Our income will not increase with the new demands of a $15 minimum wage or the subsequent inflation that will no doubt follow. We are taxpayers, but I guess that's not enough, even though my annual tax bill is also my largest yearly expense! I won't lie, this really angers me.

David McElroy, Visalia

Newsom, fracking a bad combination

At any moment 256 fracking permits could be issued in our earthquake-prone state. No more!

As we left work heading into the Fourth of July weekend, the Newsom administration issued 12 new fracking permits to Chevron. This is the third set of permits issued after the governor’s nine-month moratorium effectively ended when 24 permits were given to Aera Energy during the height of the COVID-19 pandemic last April. In June 12 more permits went to Aera.

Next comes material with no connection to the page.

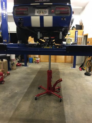 LS/T56/240z Project Mentor WantedRebekahsZ replied to RebekahsZ's topic in S30 Series - 240z, 260z, 280z Tank is out. Using the lift and a fuel tank adapter on a transmission Jack, it was the easiest time I've ever removed the tank. Only spilled about a cup of gas in my eye. Which is better than usual. Missed my new shoes. One step closer to getting the chute installed.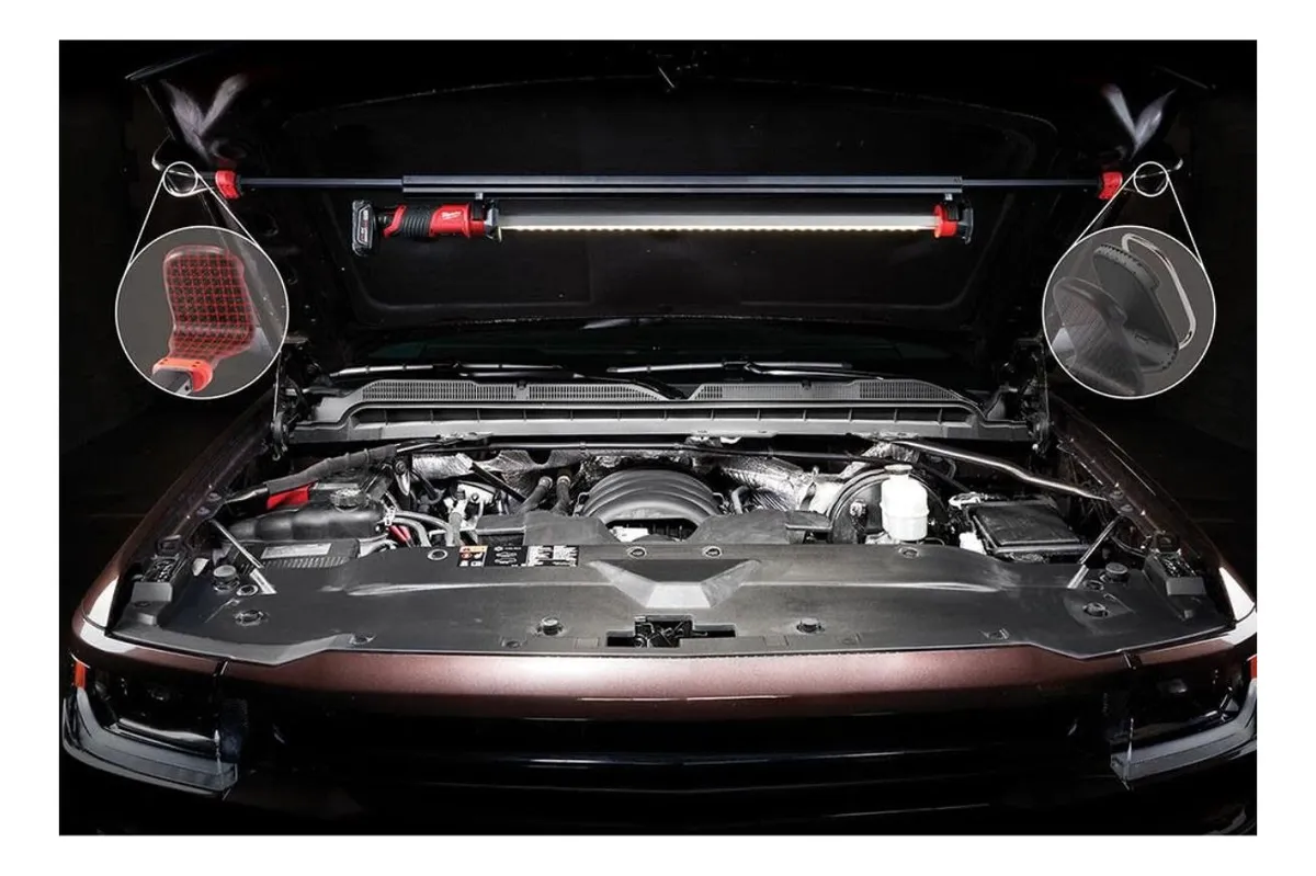 La luz Underhood M12 ™ de Milwaukee ofrece 1350 lúmenes de salida de alta definición TRUEVIEW ™, proporcionando una excelente cobertura y claridad al trabajar en el motor. Su diseño incluye ganchos FINISHGUARD ™ que protegen el acabado del vehículo y cuentan con el doble de superficie de agarre para un mejor posicionamiento. La barra de luces es versátil, permitiendo girar, deslizar, retirar y colgar, adaptándose a diferentes espacios bajo la carrocería y en el tren de rodaje. Además, su transportador se extiende de 47 " a 78 ", cubriendo adecuadamente tanto automóviles como camiones anchos, lo que la hace perfecta para mecánicos en talleres o para el mantenimiento de flotas. Ofrece un funcionamiento de hasta 8 horas con una batería M12 ™ REDLITHIUM ™ 4.0 XC.

Newsom pledged California would be reliant on renewable energy by 2045. But 6,000 permits for oil/gas wells have been issued.Why is he enabling a failing industry? Fracking has much higher variable costs than traditional oil, and the well production is very front loaded, meaning producers need to drill new wells all the time to maintain production.

Fracking pollutes the air, land and water. Communities disproportionately affected by the devastating combination of climate change and the pandemic are the same suffering from these poisonous toxins. During COVID-19 Newsom says he’s putting our health first. To truly follow through he needs to issue an executive action to halt all fracking. He has the power — I ask if he has the political will?